After This
- First edition
- Author: Alice McDermott
- Language: English
- Subject: Sexual revolution Parenting
- Publisher: Farrar, Straus and Giroux
- Publication date: September 5, 2006
- Publication place: USA
- Media type: Print
- Pages: 279
- ISBN: 978-0-374-16809-4
- OCLC: 173961805
- Preceded by: Child of My Heart

= After This =

2006 novel by Alice McDermott

After This is a 2006 novel by American author Alice McDermott. The novel follows a working-class American family who reside on Long Island, New York and their four children, who are enduring their own experiences during the times of the sexual revolution. It is set during the mid-20th century, a time after the end of World War II, through to the presidency of Richard Nixon.

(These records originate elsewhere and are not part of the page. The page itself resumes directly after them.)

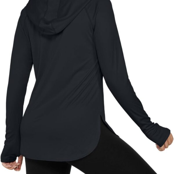 - [Hidden Horsetail Hole] Get extra sun protection with our sun shirts that come with a hood and thumb holes. Perfect for those who can’t stand the heat or are too lazy for sunscreen.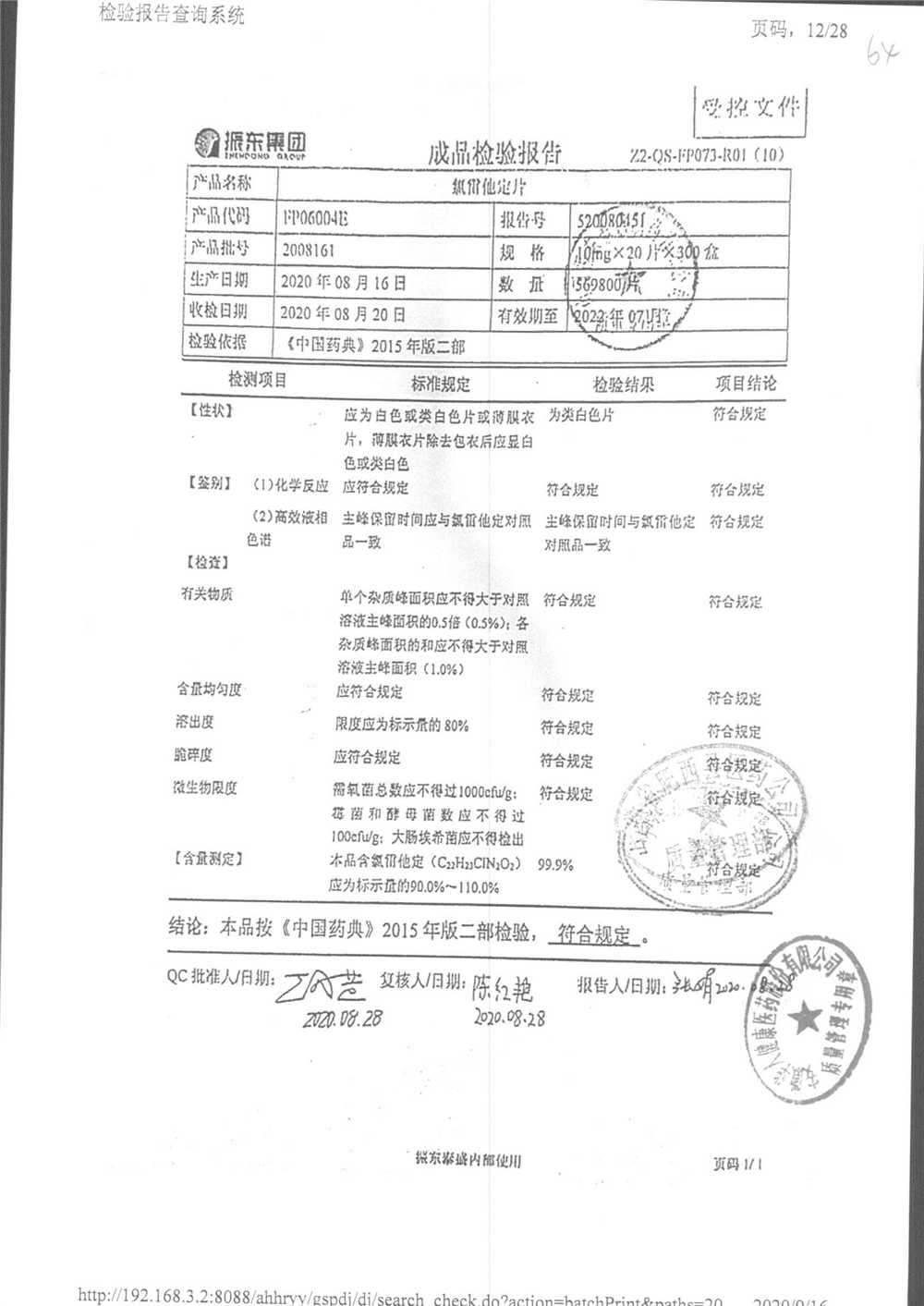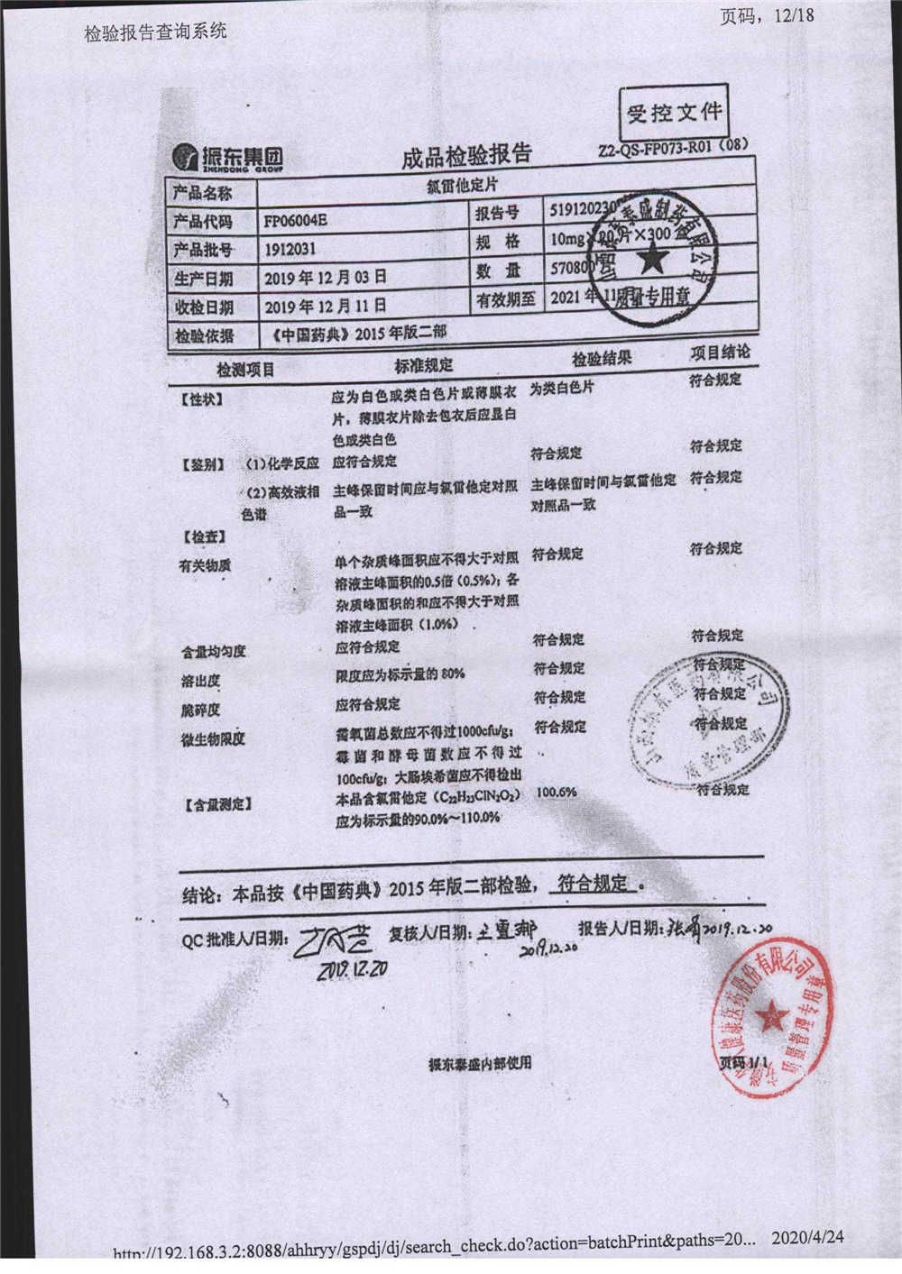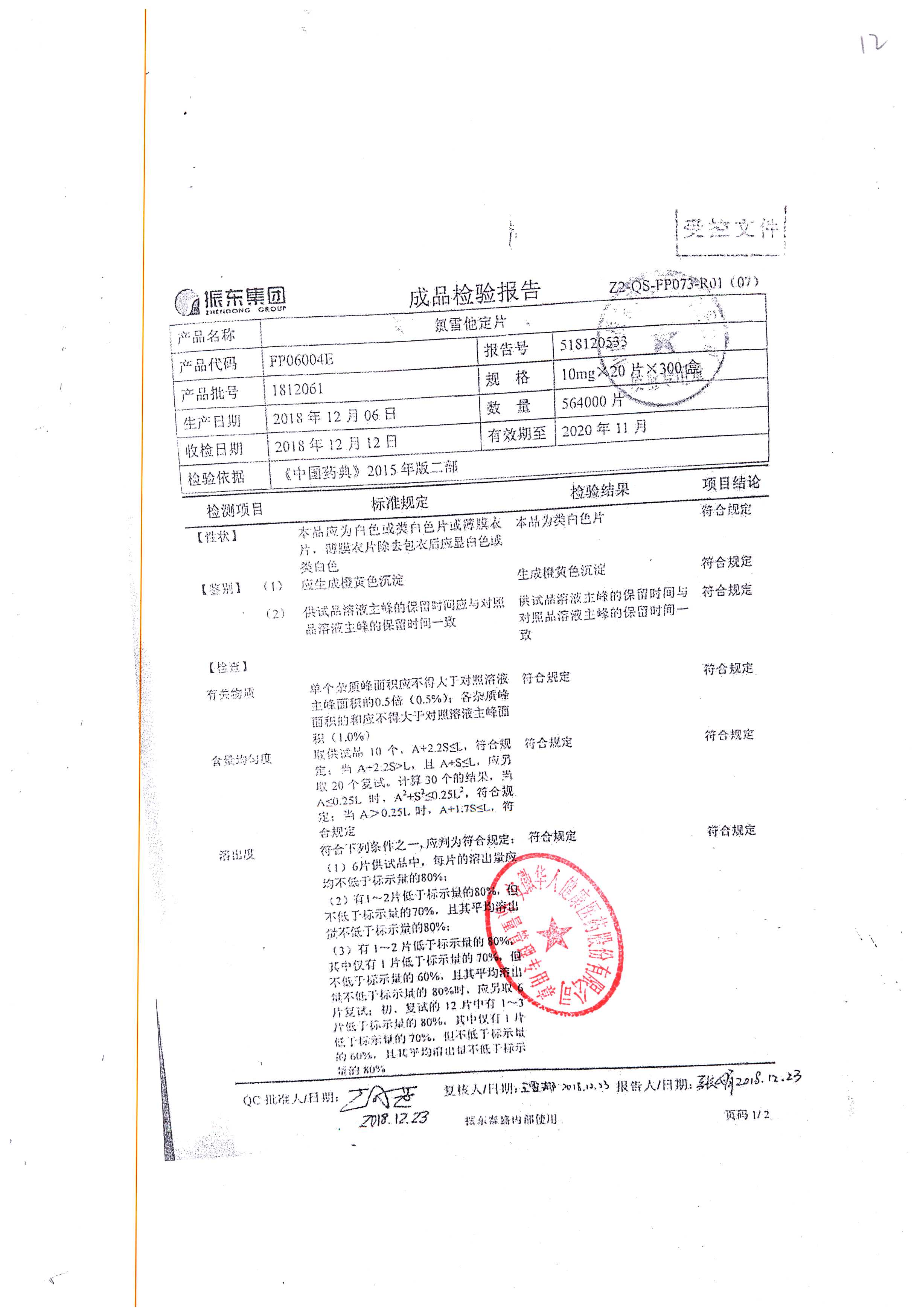 | 氯雷他定片 | 10mg*20s | 1812052(2/2) | 查看詳情 |
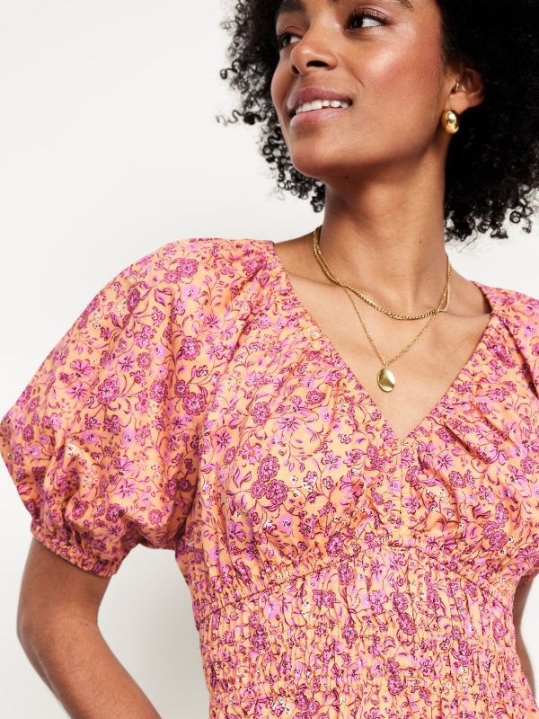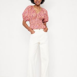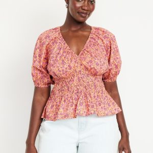 Smocked V-Neck Peplum Top

The book received many positive reviews from critics, often commenting on the writing styles of McDermott. The Pittsburgh Post-Gazette commented that the storyline is "sophisticated in design, spare like an elegant entrée at a fine restaurant." The book was highlighted among the 100 Notable Books of the Year of The New York Times.

==About the author==
Alice McDermott was born in Brooklyn, New York on June 27, 1953. In 1975, McDermott received her B.A. from the State University of New York and her M.A from the University of New Hampshire in 1978. She began writing at an early stage in her life, although her first novel, A Bigamists' Daughter, was not published until 1982. In 1987, McDermott was a recipient of the Whiting Writers Award for her novels, several of which had been finalists for the Pulitzer Prize or winners of the National Book Award.

==Content==
The book is set on Long Island, New York, shortly after the ending of World War II. Mary Rose, a lonely, thirty-year-old woman with the responsibility of looking after her father and brother, leaves Church on an April day in the 1940s. She goes to a Schrafft's outlet and becomes acquainted with a man there ordering food. When she sees him there the next day, the pair begin dating and eventually marry. Together, they have four children. Their first three children, Jacob, Michael, and Annie live with their parents in an Irish-Catholic community on Long Island.

Their fourth child, Clare, is delivered by a neighbor of the family in the lounge of their house as a hurricane is heading towards the Eastern Seaboard. The book follows the family through the 1960s and 1970s, as the children enter adolescence and discover themselves during the changing times of the 1960s and the Sexual Revolution. The Keane children, on entering early adulthood, begin to break away from their family and religious backgrounds. Jacob, the eldest child, serves in Vietnam and is killed in the French trenches. Michael moves away from Long Island and goes to study in a college in northern New York, but later turns to sex and drugs. Meanwhile, Annie, the bookworm of the family, leaves to study in England, but quickly changes her plans after meeting a man on a bus whom she likes. Clare, the youngest, returns from a summer vacation to her former Catholic high school, showing a changed personality and increased self-confidence.

==Reception==
The Washington Post commented that "in After This there is no excess, no look-at-me pyrotechnics in her prose; with the mastery of a poet, she distills the life of the Keanes to its essence." A review by The Chicago Tribune noted that "It is hard to know how to start piling on the praise for this gripping, poignant book. It would seem there is no technique of fiction McDermott has not mastered. Like the masters, she makes it look effortless." Writing for the New York City-circulated The Wall Street Journal, Kate Flatley LaVoie praised the book, praised the book, writing: "Through sharp, funny, heartbreaking and breathtaking vignettes, Ms. McDermott conveys the family's evolution (and America's too) — from John and Mary's first meeting at a diner in postwar New York City through the children's traditional Catholic school youth in the 1950s to the inevitable turbulence of the 1960s."

USA Today wrote "McDermott's prose is stunning yet emotionally cool," adding: "While it fails as a cohesive novel, After This shines in its small moments, much like a story collection." Entertainment Weekly described it as a "lovely needlepoint of a novel." The Economist reviewed the book positively, writing "After This is more than a book about an influential time in history and its effect on those living through it. In its portrayal of the emotions that hold people and families together—the loyalties and frustrations, the sorrows and joys—this quietly unusual novel is ultimately about what it is to be human."